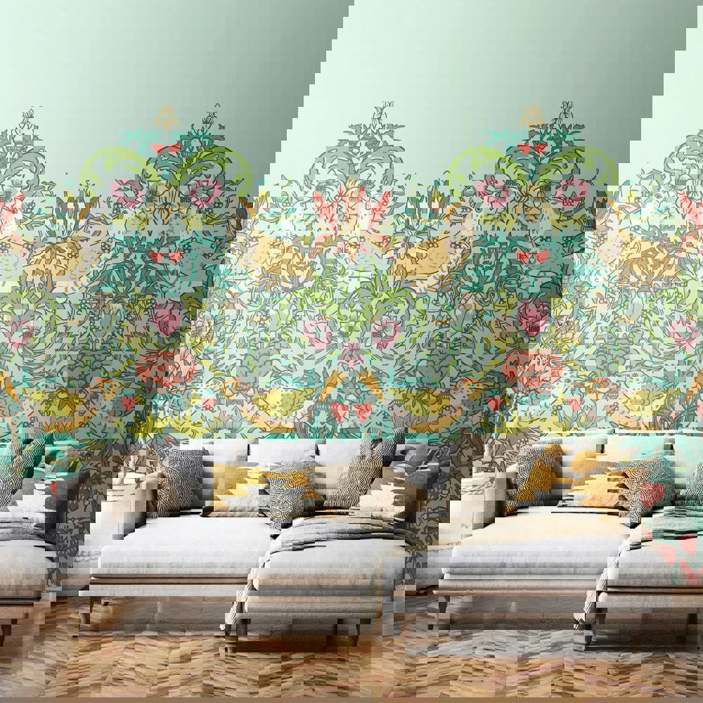 A wonderful repeating design featuring intricate details of naughty thrushes stealing fruit and picking berries. Sweeping flowers and foliage encircle the birds to create a beautiful scene inspired by the iconic William Morris design from1883.
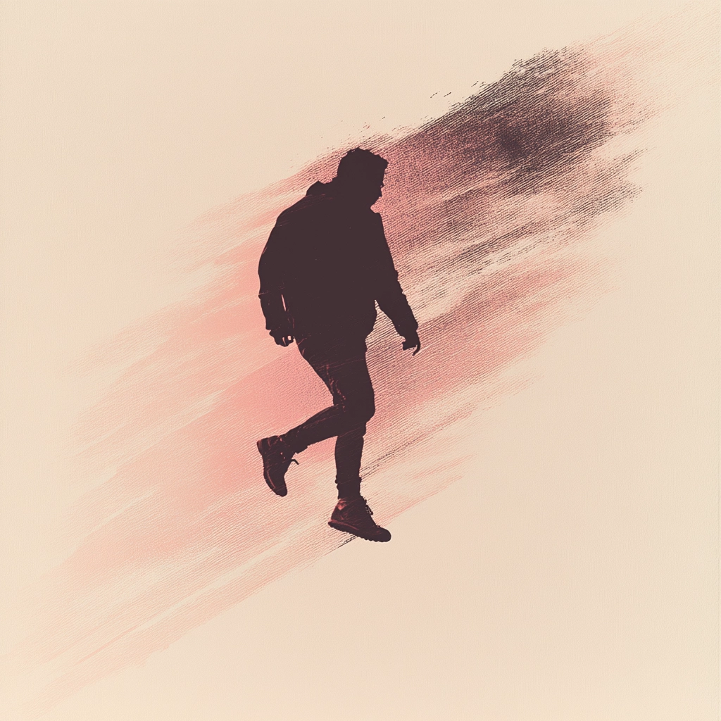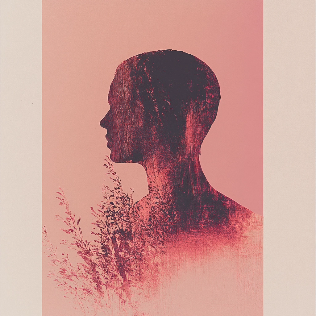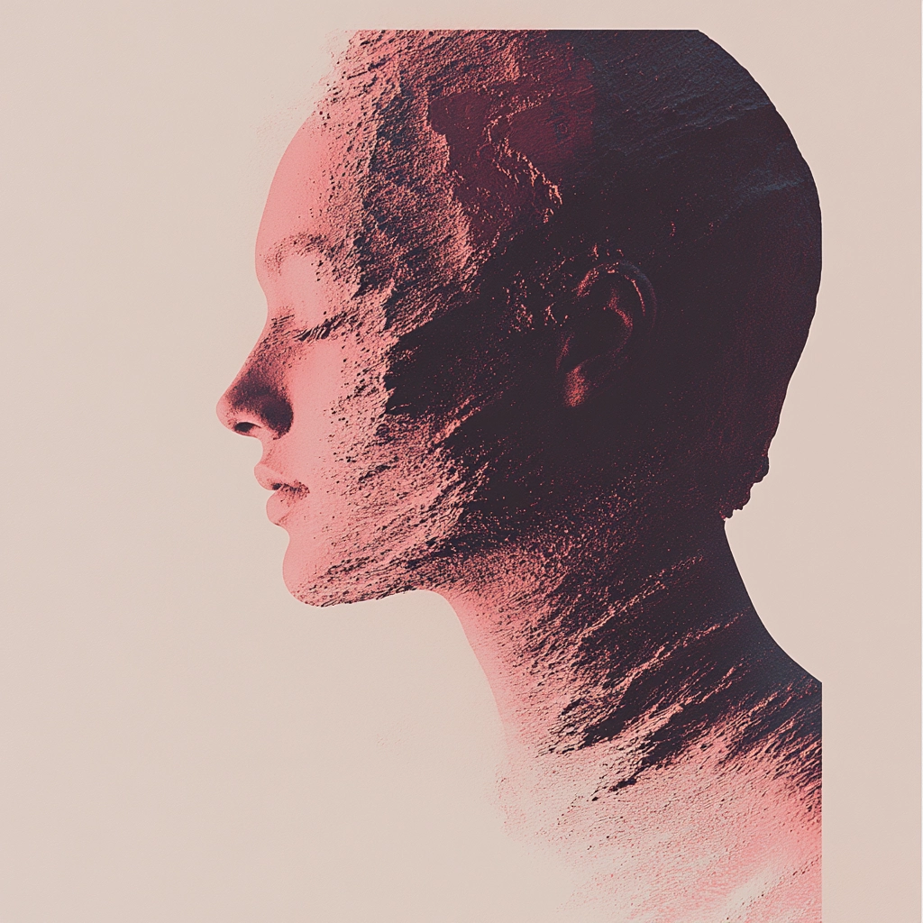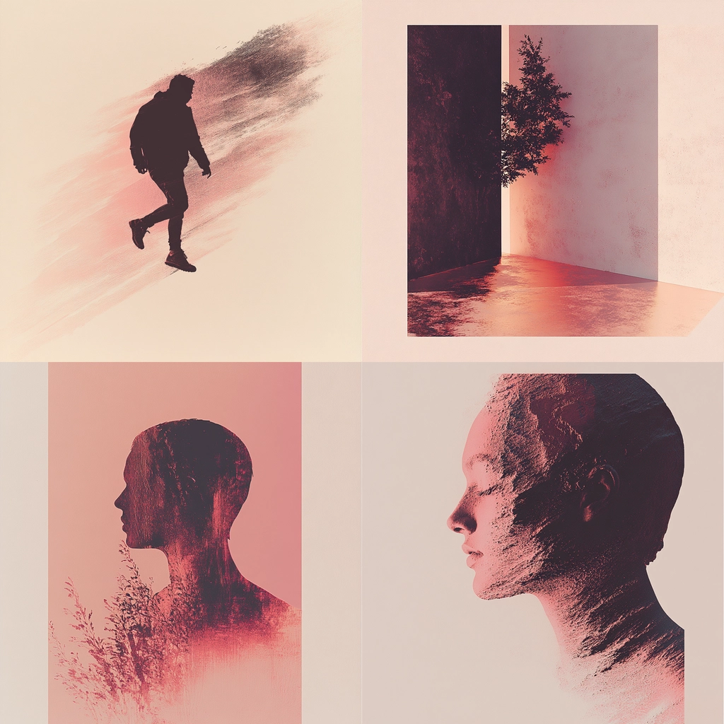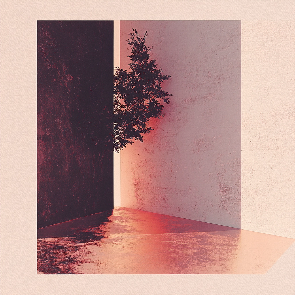Blending soft textures with a distinct red hue, reinforced by gray and white tones throughout the composition.
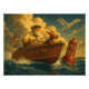 An old sailor and his trusty canine companion sailing choppy waters on their motor boat, this painting is fun colourful and exudes a feeling of movement and adventure
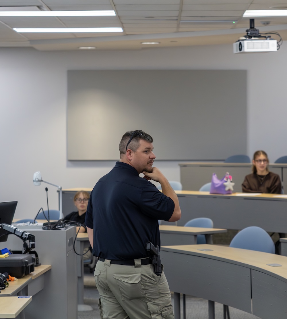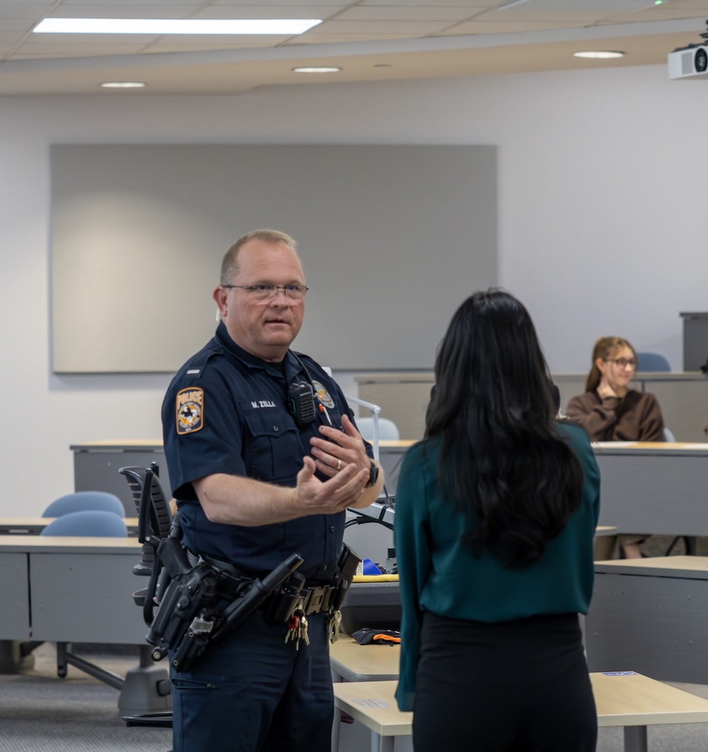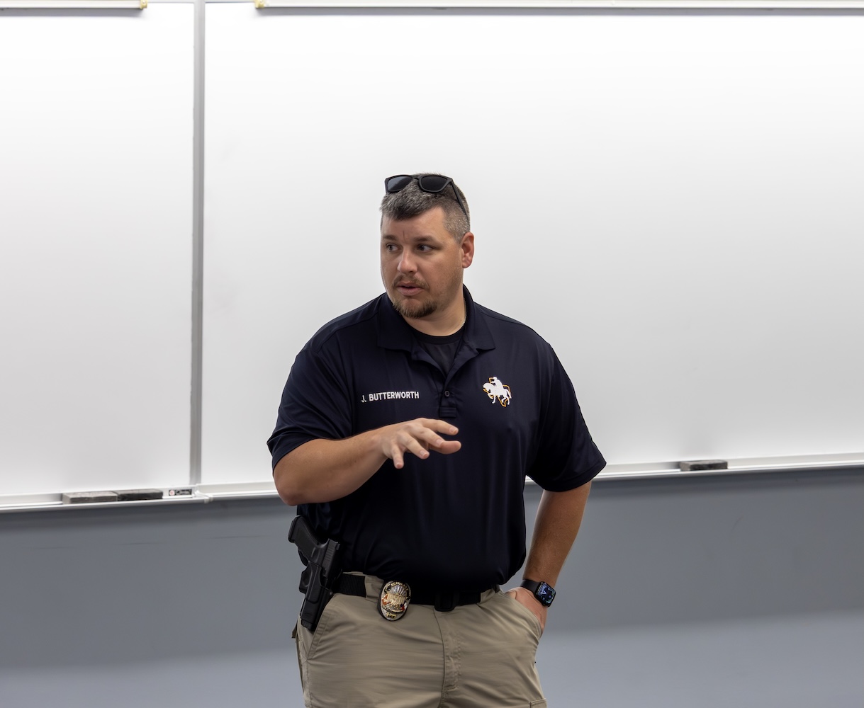 What made this meeting stand out was how interactive it was. Rather than talking at us, they walked us through real scenarios, ones that felt uncomfortably realistic. Two students acted out a situation at a house party: one over 21, one underage, a drink left unattended. At first, it seemed harmless. But as Butters and Zella broke it down, the legal implications became clear, showing how quickly a casual decision can turn into a charge. That theme carried throughout the night: small choices, real consequences.
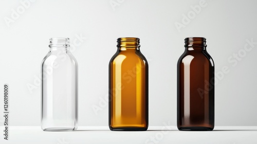 A striking arrangement features three distinct bottles in varying colors: a transparent bottle, an amber bottle, and a dark brown bottle

○ ○ ○ ○ ○

## About this exercise
Only the lines from the start of the records above through the line containing "Blending soft textures" should be returned, exactly and with both ends, please; the pictures stay out.

## Exercise solution
 A wonderful repeating design featuring intricate details of naughty thrushes stealing fruit and picking berries. Sweeping flowers and foliage encircle the birds to create a beautiful scene inspired by the iconic William Morris design from1883.
Blending soft textures with a distinct red hue, reinforced by gray and white tones throughout the composition.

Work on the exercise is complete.